The amnesty was supposed to be balanced with stronger enforcement measures, such as employer sanctions for those who hire illegal immigrants. This remains a major selling point of the “comprehensive” approach to immigration today.
This enforcement turned out to be a bait and switch, like when spending cuts are promised in exchange for tax increases. The amnesty happened and is irreversible. The enforcement has been spotty and in some cases never materialized.
What did materialize was more illegal immigration. By one estimate, illegal immigration increased by 44 percent between 1987 and 1989, from the start of amnesty to its peak. The Congressional Research Service reports that the illegal immigrant population swelled from 3.2 million in 1986 to 12.4 million in 2007, “before leveling off at 11.1 million in 2011.”
Some analysts believe the number of illegal immigrants reached as high as 20 million. The author of a Bear Stearns report arriving at the figure later told the Wall Street Journal, “The assumption that illegal people will fill out a census form is the most ridiculous concept I have ever heard of.”
It’s also worth noting that four years after amnesty became law, President George H.W. Bush signed a bill increasing legal immigration by 40 percent. Legal immigration has also been higher than in the mid-1980s and illegal immigration still increased.
Many Republicans who want to repeat the Reagan amnesty hope this will improve the party’s standing among Hispanics. But the actual Republican Hispanic vote share decreased between 1984, before amnesty, and 1988, after.

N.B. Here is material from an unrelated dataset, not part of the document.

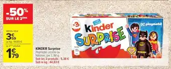 En plus de l'offre KINDER Surprise, Carrefour Contact propose une large gamme de produits. Consultez le Catalogue Carrefour Contact hebdomadaire pour découvrir les meilleures offres et promotions. En plus de KINDER Surprise, il y a aussi : KINDER Surprise, Kinder surprise & Kinder surprise.

George W. Bush is the only Republican who has ever even arguably benefited from advocating these kinds of immigration policies. And he had been conducting Latino outreach for a decade while being to the left of his party on government spending.
As illegal immigration increased, enforcement decreased. Audits of employers of illegal immigrants dropped 77 percent between fiscal years 1990 and 2003. Warnings fell 62 percent. Notices of intent to fine illegal employers plummeted 82 percent.
If Reagan couldn’t get a deal with real enforcement, what hope do Republicans have with Obama? It’s this track record, not talk radio, mean pro-abortion eye doctors, or even the current occupant of the White House, that has the congressional GOP reluctant to sign on.
The modest uptick in enforcement recently, credited with at least half the drop in illegal immigration over the last five years, is not the result of comprehensive reform. It is the result of such bills repeatedly failing to pass.
Both Bush and Obama concluded that amnesty was not politically feasible unless they could show some progress with border security and enforcement. That’s exactly the opposite of comprehensive reform’s logic.
Unlike many of our current political leaders, Reagan actually learned from his mistakes. Conservative are right to celebrate his birthday and successes. They should also avoid repeating his immigration failure.